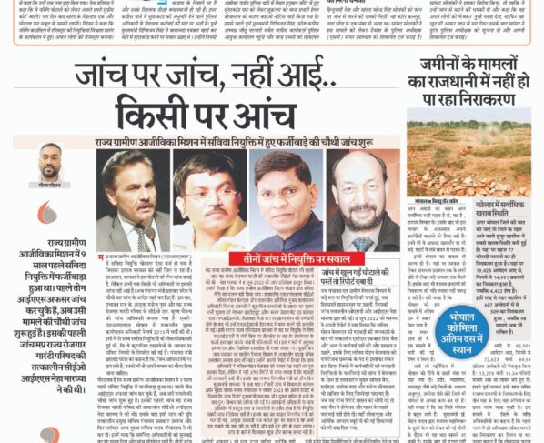 राज्य ग्रामीण आजीविका मिशन में संविदा नियुक्ति में हुए फर्जीवाड़े की चौथी जांच शुरू गौरव चौहान मप्र राज्य ग्रामीण आजीविका मिशन (एसआरएलएम) में संविदा नियुक्ति घोटाला ऐसा मर्ज हो गया…
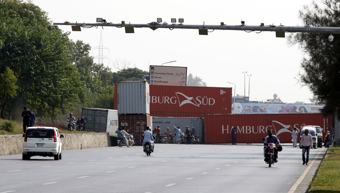 “In Pakistan, containers have three roles to play — as a stage to address the audience, providing housing facility to the leader and to block roads. The use is ... nearly two decades old,” Arif Nizami, President Council of Pakistan Newspapers Editors (CPNE), told Arab News.
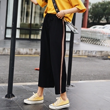 2017夏装新款韩版高腰显瘦直筒阔腿裤侧边拼接一条休闲九分裤
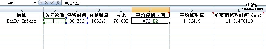 單頁面抓取時間==停留時間*3600/總抓取量 計算公式:=D2/C2 enter鍵
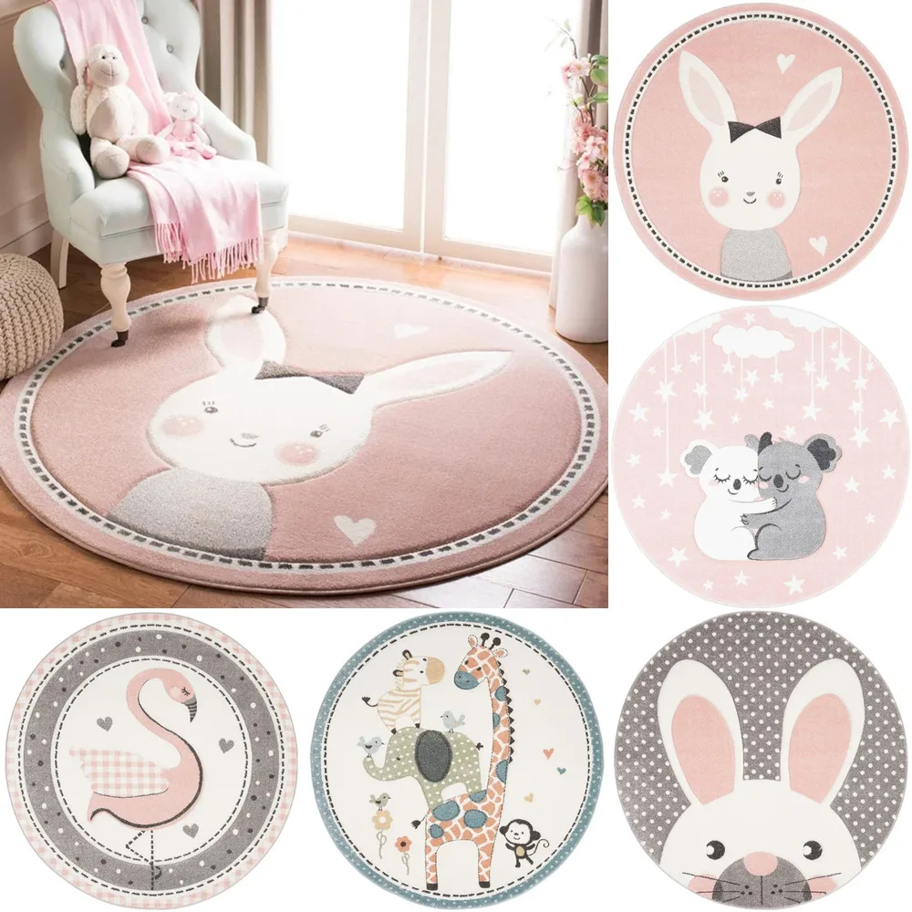 Круглый ковер с мультяшными животными, кроликами, детский коврик для ползания, коврик для гостиной, спальни, прикроватный коврик, плюшевый ковер для стула, домашний декор
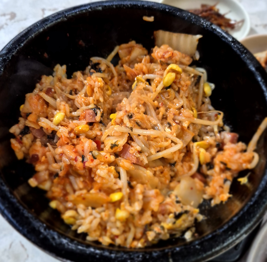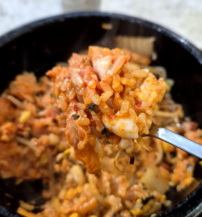 김치 맛이 강하면서 중간 중간 한 번씩 씹히는 오징어 식감이 맛을 더 가미시킵니다.ㅎㅎ 일반적으로 알고 있는 돌솥비빔밥과 다르고 김치가 기본이 되어 김치볶음밥에 더 가까운 맛을 가지고 있어요. 한국인뿐만 아니라 외국인들도 좋아할 것 같은 맛입니다.ㅎㅎ 물론 외국인들에게는 조금 매울 수 있어요.ㅎㅎ
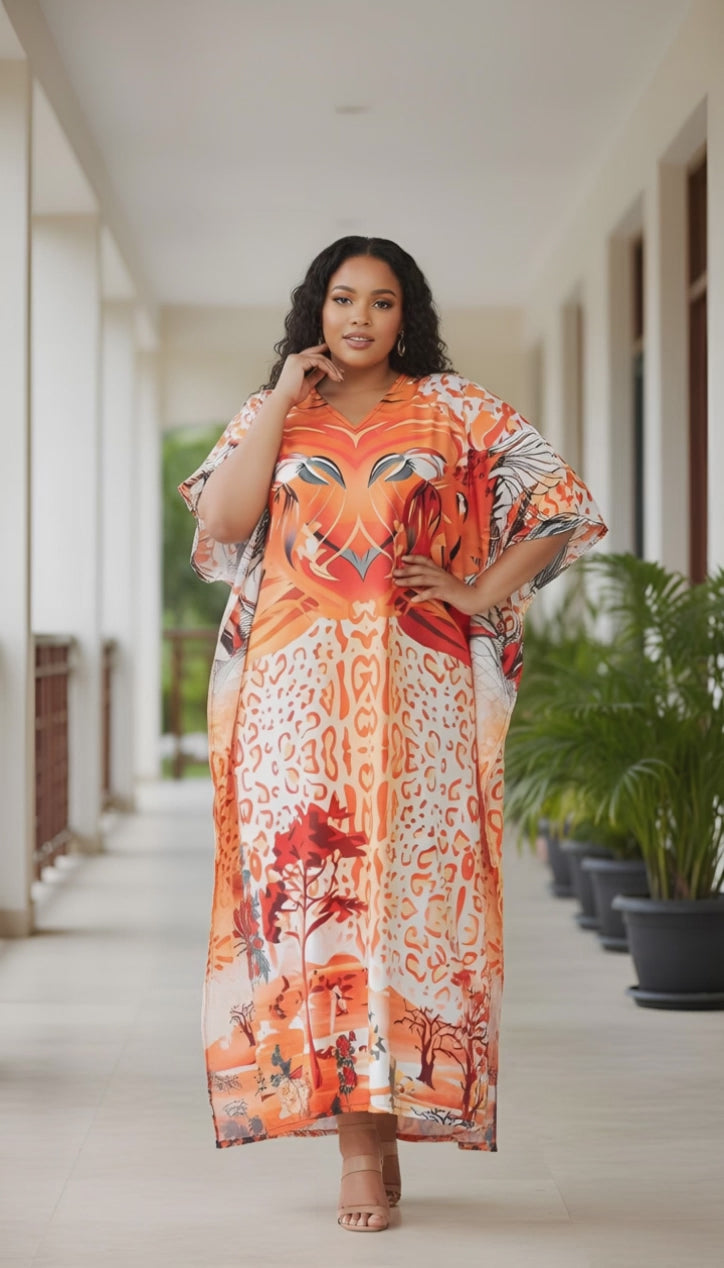 Orange Paisley Pattern Kaftan Dress For Plus Size Women
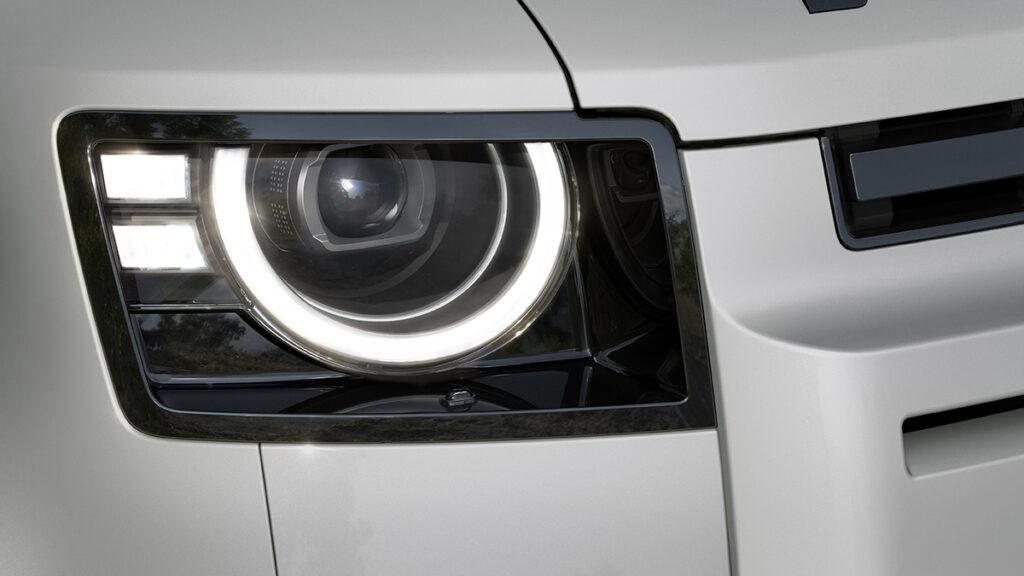 So what is new then? The new Defender receives revised headlights, along with a new Daytime Running Light signature. Along the bonnet treadplates, grille inserts and on the fender, there is a new squircle motif. And at the rear, the Defenderโs tail lights are now flush with the bodywork; which the product guys at the unveiling were keen to point out, was less susceptible to picking up mud.
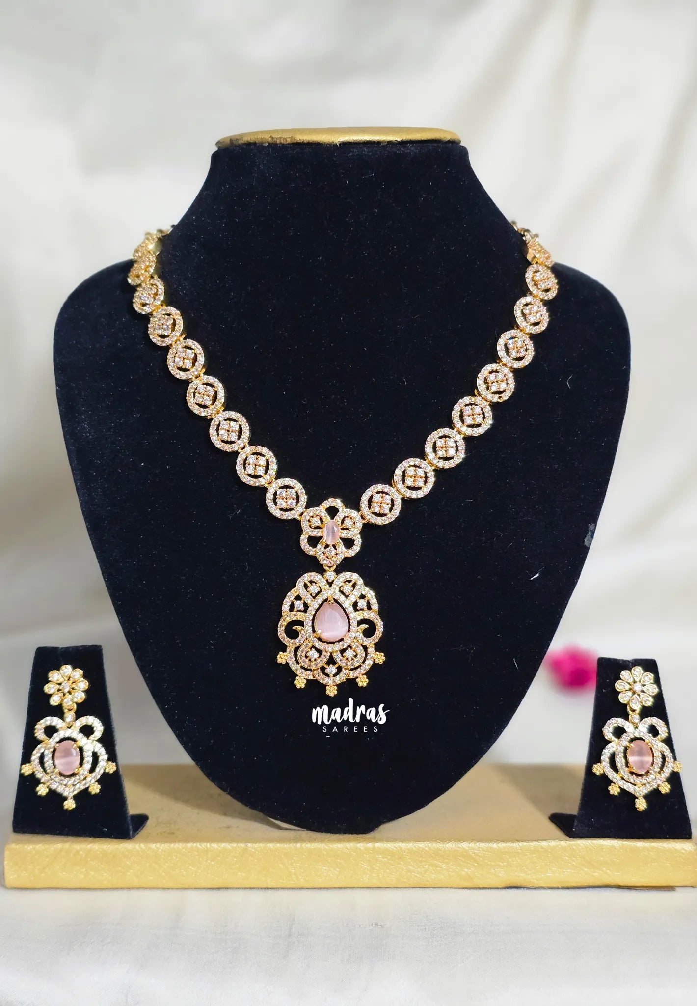 Premium 1 Gram Gold polish AD Stone Trendy Baby Pink Stone Necklace with Earrings
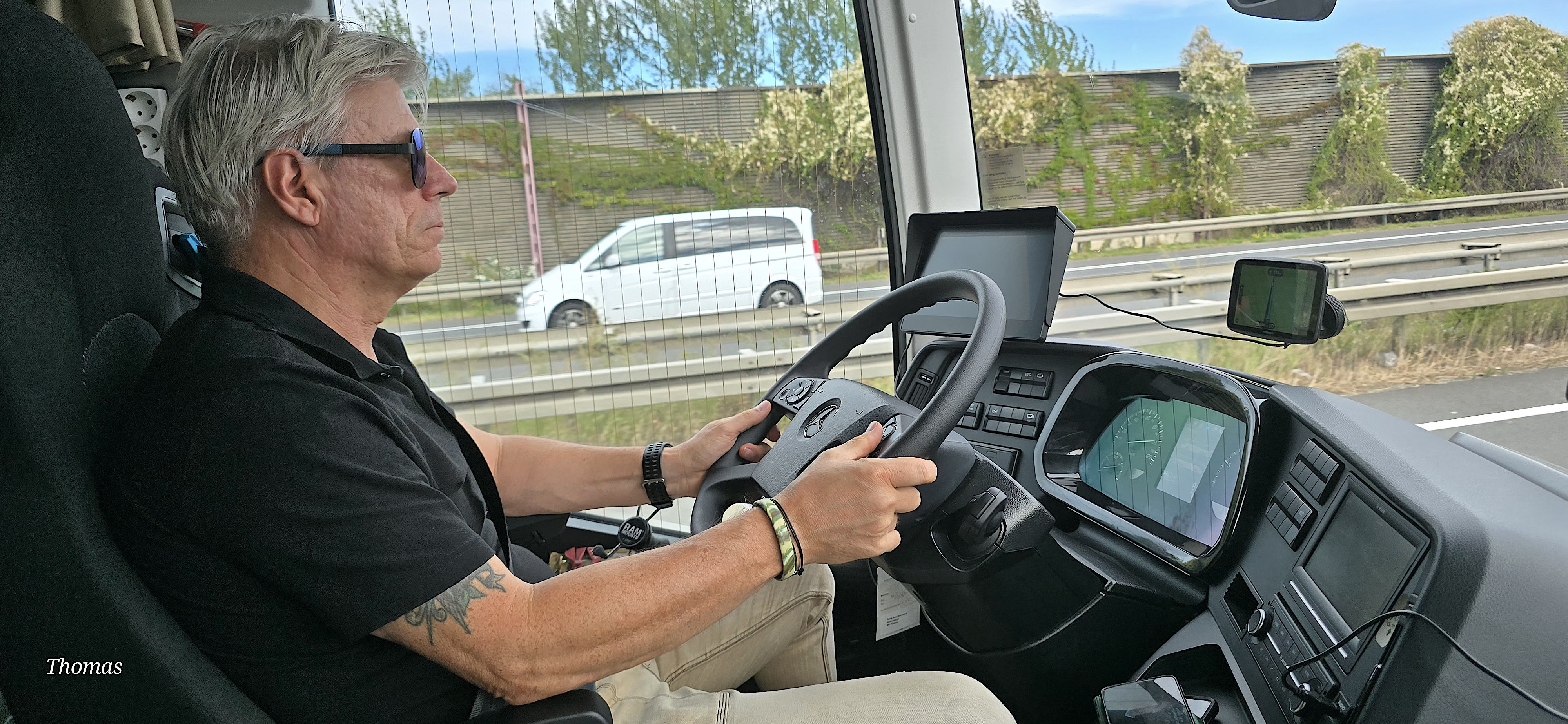 Op weg naar huis hebben we onderweg nog koffie met gedronken. Onze chauffeurs laten het zich smaken. En Gé houdt een van zijn laatste praatjes.
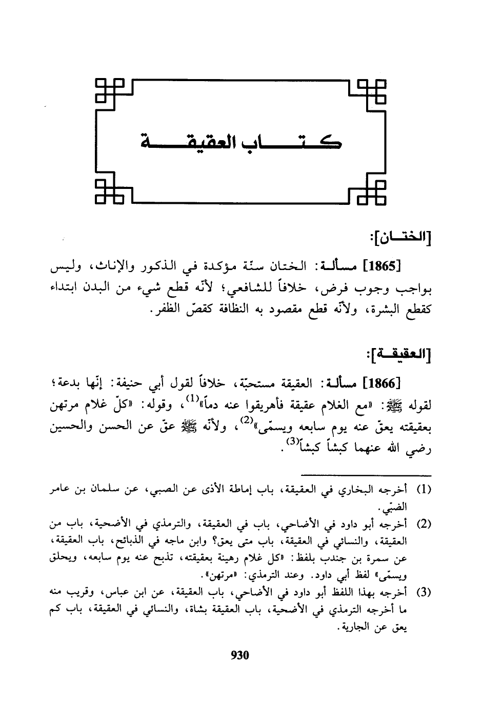 [1866] مسألة: العقيقة مستحبة، خلافاً لقول أبي حنيفة: إنّها بدعة!؛ لقوله صلى الله عليه وسلم: «مع الغلام عقيقة فأهريقوا عنه دمًا»، وقوله: «كل غلام مرتهن بعقيقته يعق عنه يوم سابعه ويسمى»، ولأنه صلى الله عليه وسلم عقَّ عن الحسن والحسين رضي الله عنهما كبشاً كبشاً.
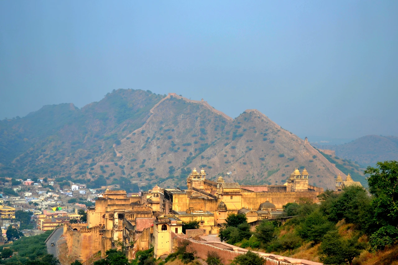 아메르 요새(Amer Fort)는 자이푸르 시내에서 11km 거리 외곽의 아라발리(Aravalli) 산맥 계곡에 자리하고 있다. 이 요새는 암버 왕국의 24번째 통치자였던 만 싱 1세(Mirza Raja Man Singh I, 1550-1614) 때인 1592년에 구축된 면적 4 km²의 성곽 도시이다. 황량하고 거친 산악 지형에 의지해서 구축된 성곽은 웅장하고 궁전은 이색적인 아름다움으로 다가왔다.
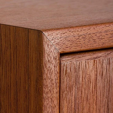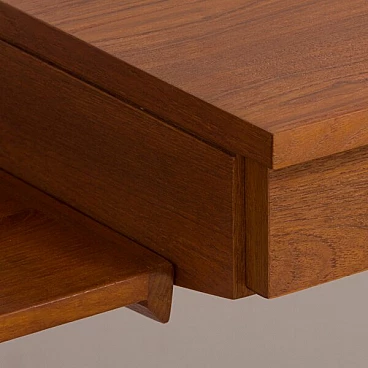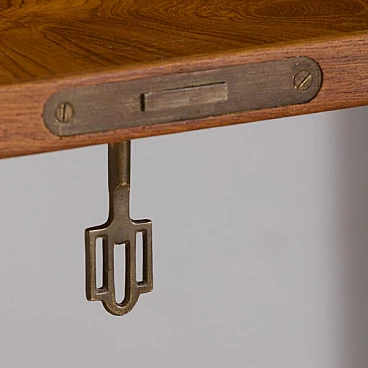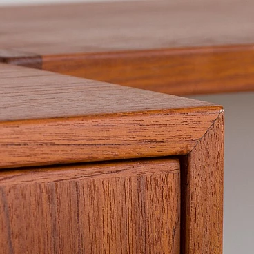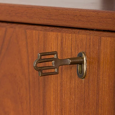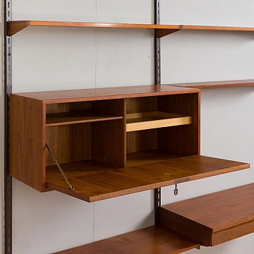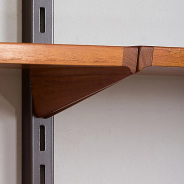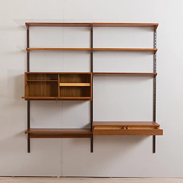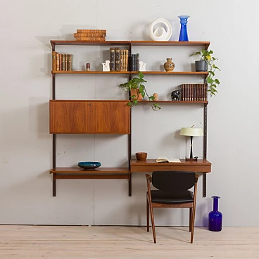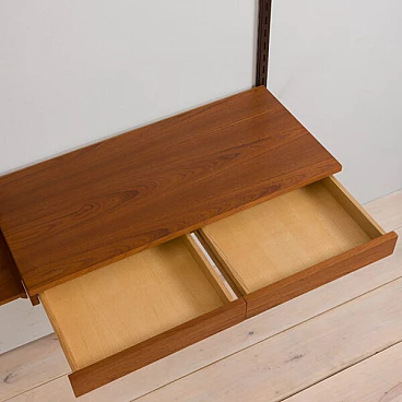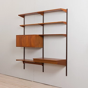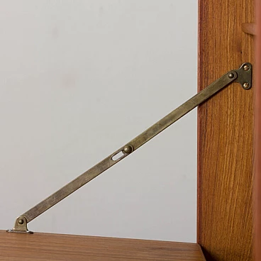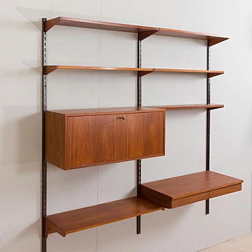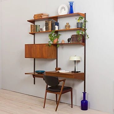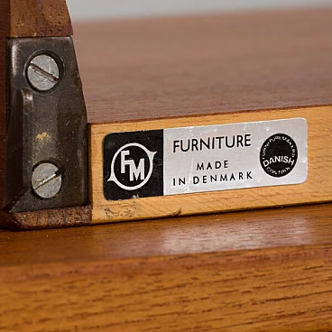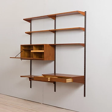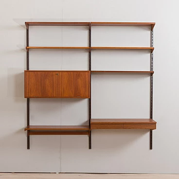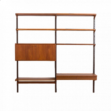 Semplice ed elegante libreria danese a due vani in teak disegnata da Kai Kristiansen negli anni '60 e prodotta da FM Mobler. Un funzionale armadietto con serratura (la chiave è inclusa) e sei ripiani di varia profondità offrono spazio sufficiente per libri e decorazioni. Una comoda scrivania con due cassetti creerà uno spazio home office in un soggiorno o in una camera da letto. Il pensile è caratterizzato da una brillante falegnameria e da ricche venature di teak. Questo set è composto da: 3 ripiani profondi 18 cm; 2 ripiani profondi 24 cm; 1 ripiano profondo 32 cm; 1 scrivania H: 16 / L: 86/ P: 40 cm; 1 mobile bar H: 36/ L: 86/ P: 32 cm, chiave originale inclusa; 3 binari in metallo, ciascuno lungo 175 cm.

■ ■ ■

EXERCISE AIM. If a picture sits between the line containing "So what is new" and the line containing "아메르 요새(Amer Fort)는", leave it out, and return the lines of that range above exactly, both ends included.

OUTPUT BELOW.
 So what is new then? The new Defender receives revised headlights, along with a new Daytime Running Light signature. Along the bonnet treadplates, grille inserts and on the fender, there is a new squircle motif. And at the rear, the Defenderโs tail lights are now flush with the bodywork; which the product guys at the unveiling were keen to point out, was less susceptible to picking up mud.
 Premium 1 Gram Gold polish AD Stone Trendy Baby Pink Stone Necklace with Earrings
 Op weg naar huis hebben we onderweg nog koffie met gedronken. Onze chauffeurs laten het zich smaken. En Gé houdt een van zijn laatste praatjes.
 [1866] مسألة: العقيقة مستحبة، خلافاً لقول أبي حنيفة: إنّها بدعة!؛ لقوله صلى الله عليه وسلم: «مع الغلام عقيقة فأهريقوا عنه دمًا»، وقوله: «كل غلام مرتهن بعقيقته يعق عنه يوم سابعه ويسمى»، ولأنه صلى الله عليه وسلم عقَّ عن الحسن والحسين رضي الله عنهما كبشاً كبشاً.
 아메르 요새(Amer Fort)는 자이푸르 시내에서 11km 거리 외곽의 아라발리(Aravalli) 산맥 계곡에 자리하고 있다. 이 요새는 암버 왕국의 24번째 통치자였던 만 싱 1세(Mirza Raja Man Singh I, 1550-1614) 때인 1592년에 구축된 면적 4 km²의 성곽 도시이다. 황량하고 거친 산악 지형에 의지해서 구축된 성곽은 웅장하고 궁전은 이색적인 아름다움으로 다가왔다.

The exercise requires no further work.